If I were you, and looking to buy a Mac, I’d make sure you do so before the end of the 1999. There could be a serious shortage of Macintosh products after the first of the year 2000.
People will finally realize that Microsoft is not a company they want to do continue doing business with.
Just imagine walking into CompUSA on January 3rd and finding the shelves emptied of Macintosh computers. Not due to the usual poor ordering this time, but because they sold them all to the ravenous hordes of fed up PC users swinging over to the Mac. (Just imagine the looks on the faces of the dedicated Apple staff.
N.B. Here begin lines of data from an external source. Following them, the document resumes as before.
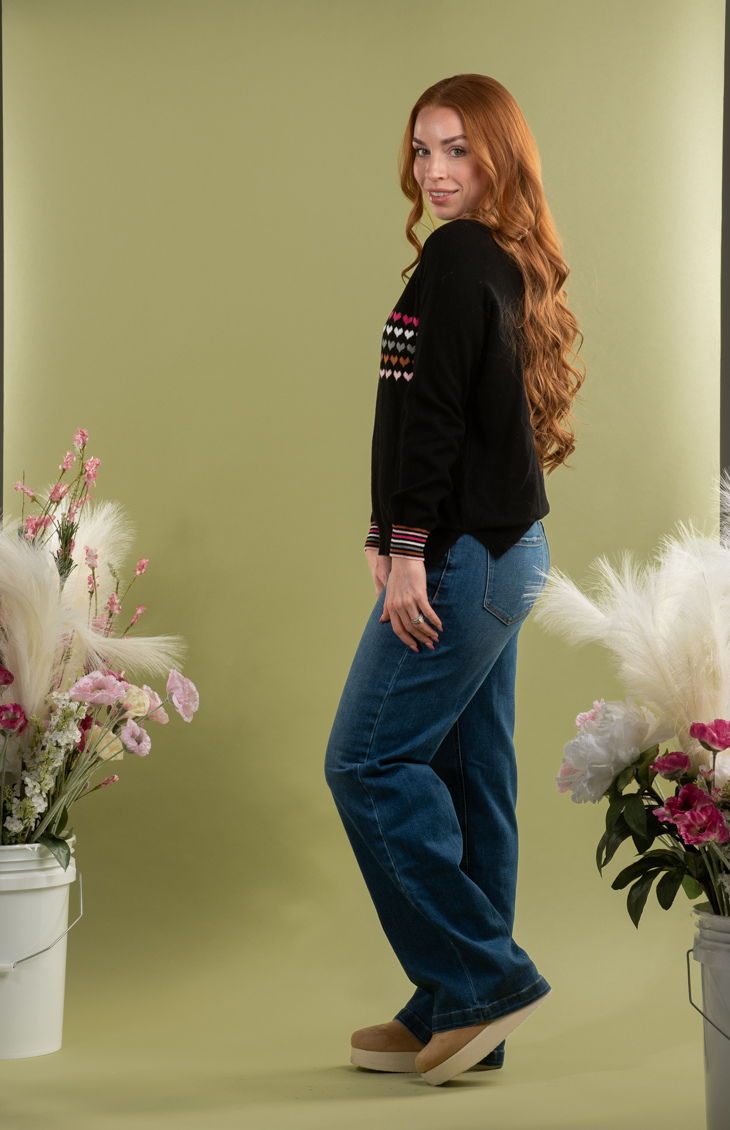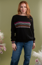 Stay cozy and stylish with the Lovestruck Sweater by Zaket & Plover. Featuring a charming heart pattern and vibrant cuff details, this lightweight knit is perfect for adding a playful touch to your wardrobe.
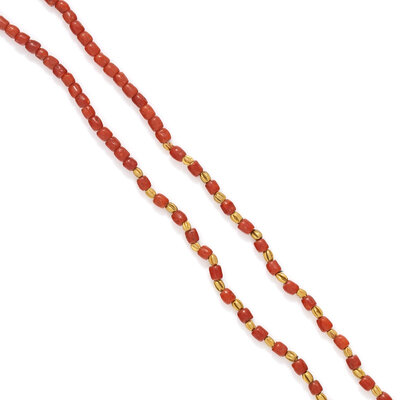 An Islamic Carnelian and Gold Bead Necklace
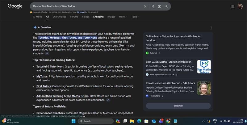 Top Maths Tutors achieved exceptional SEO results within just 15 days through strategic on-page optimization and location-based content. Multiple Page 1 rankings and 4 AEO positions with only partial indexing demonstrate the effectiveness of our approach and position the business for continued growth as remaining pages index and domain authority builds.
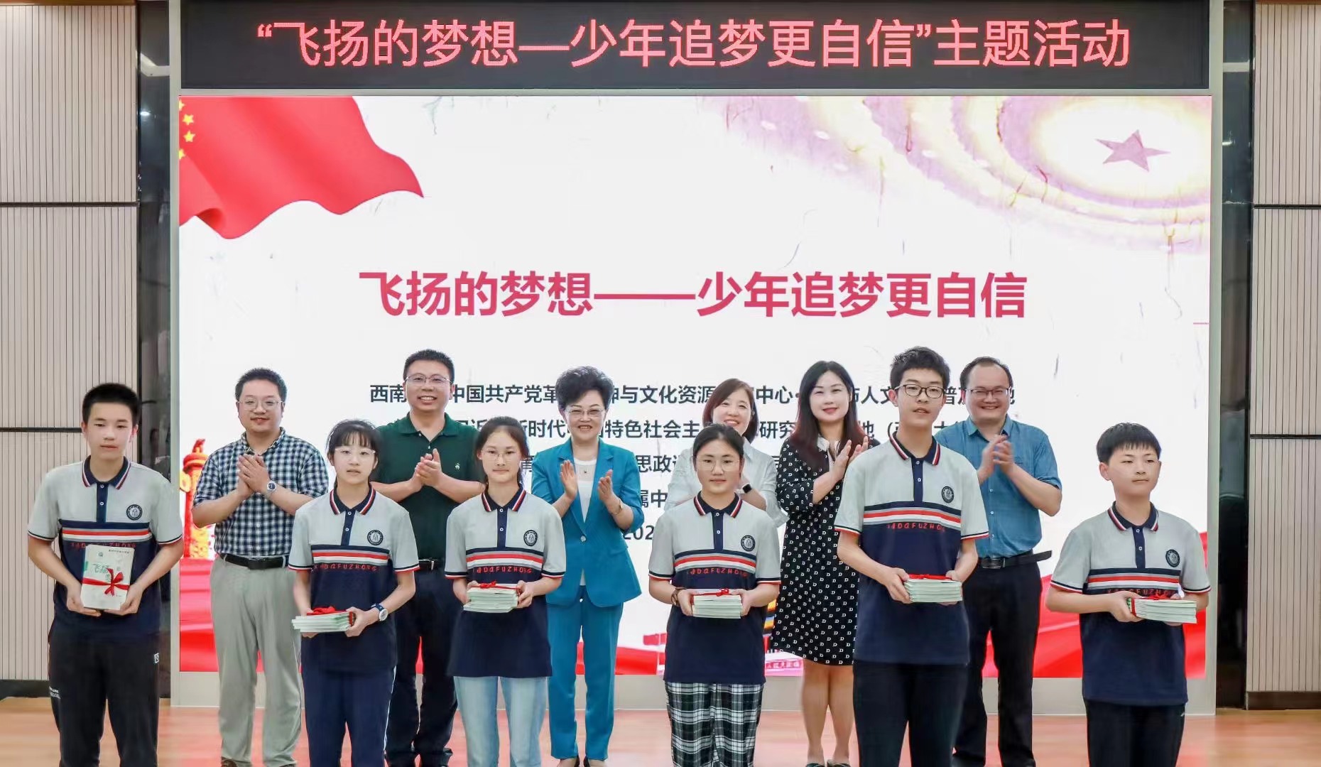 近日,由beat365在线唯一官网登录中国共产党革命精神与文化资源研究中心·重庆市人文社科普及基地牵头主办的“飞扬的梦想——少年追梦更自信”主题科普活动在beat365在线唯一官网登录附属中学举行。中心主任黄蓉生教授、附属中学校长张勇出席活动,各主办单位有关负责人及附属中学师生代表参加活动。
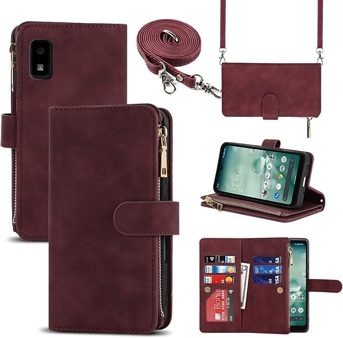 - AQUOS wish SHG06 A104SH SH-M20 手帳型 aquos wish shg06 手帳ケース 長ストラップ付き 肩掛け 革レザー 柔らかい多機能 チャック付き
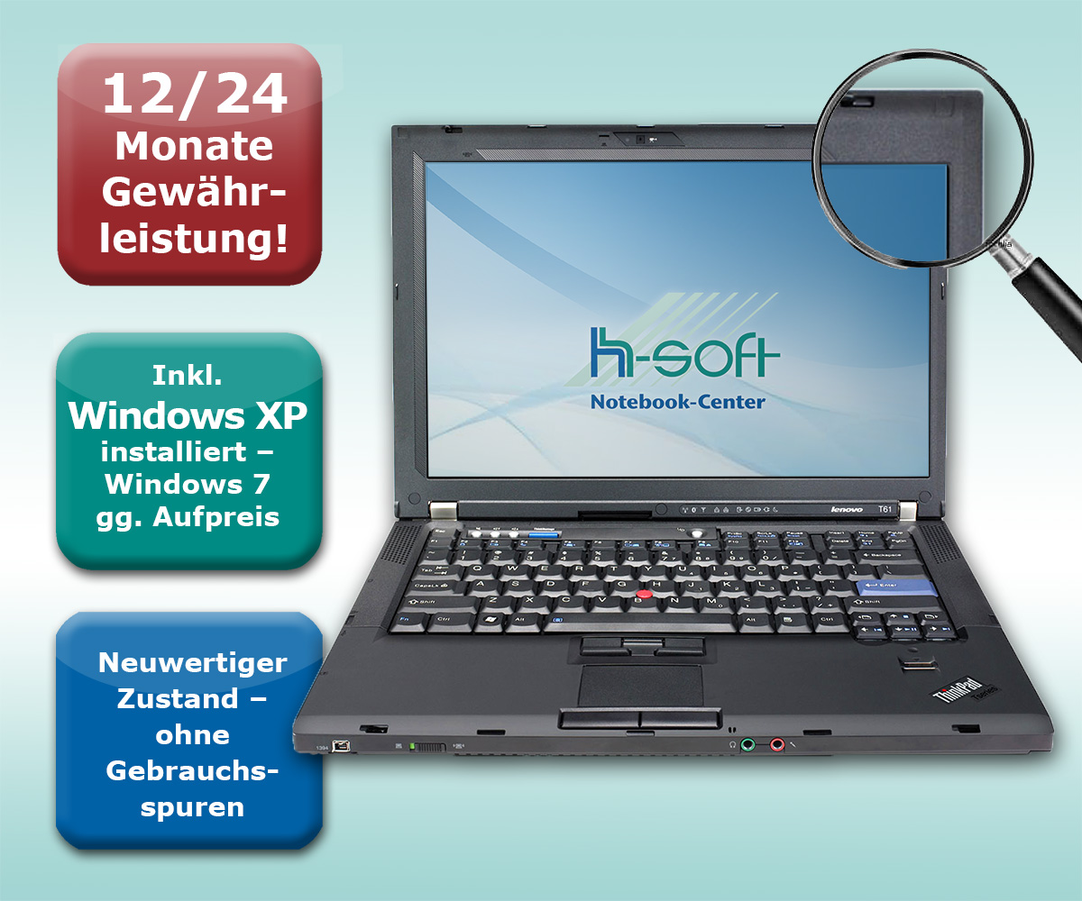 Gerät wird im Originalzustand recovered mit Windows XP Pro installiert geliefert. Gesicherte Recovery-Partition + "Access IBM"-Tools wie bei Werksauslieferung vorhanden. COA Lizenzaufkleber: Vista Business. Komplette Aktualisierung auf XP Pro SP3 mit allen Updates + Viren-Scanner ist durchgeführt. Sie können sofort sicher arbeiten!

Exhausted, frazzled, and the complete envy of their bored PC counterparts on the “dark side” of the store.)
This brings me back to the question that was on my mind at the beginning of this column.
Will Apple be ready for the Y2K crunch?
(Now do you see why I’ve been pondering this?)
In anticipation of the problems, will they have enough systems to meet the demand? Can they forecast what may come? Will CompUSA, Best Buy, Sears, and others be ready for the hordes of people that will walk in and want a Mac? Just how high will Apple’s overall market share get? 10%? 15%? 20%? HIGHER!?
Will the “Small Business” version of the iMac be on display for all the businesses needing a computer that works right now!?
If Apple is smart, they might even have a special promotion. I can see the stickers plastered on the boxes:
“This Macintosh is 100% Microsoft Windows FREE!”
They’d make a fortune on those bundles!
Will there be a shortage of all things Mac? Will Apple be ready for the Y2K crunch? Will Microsoft survive? How high will Apple’s market share rise? For the answer to these and many more questions, tune in after January 1st. And be glad you have a Mac. Be very glad.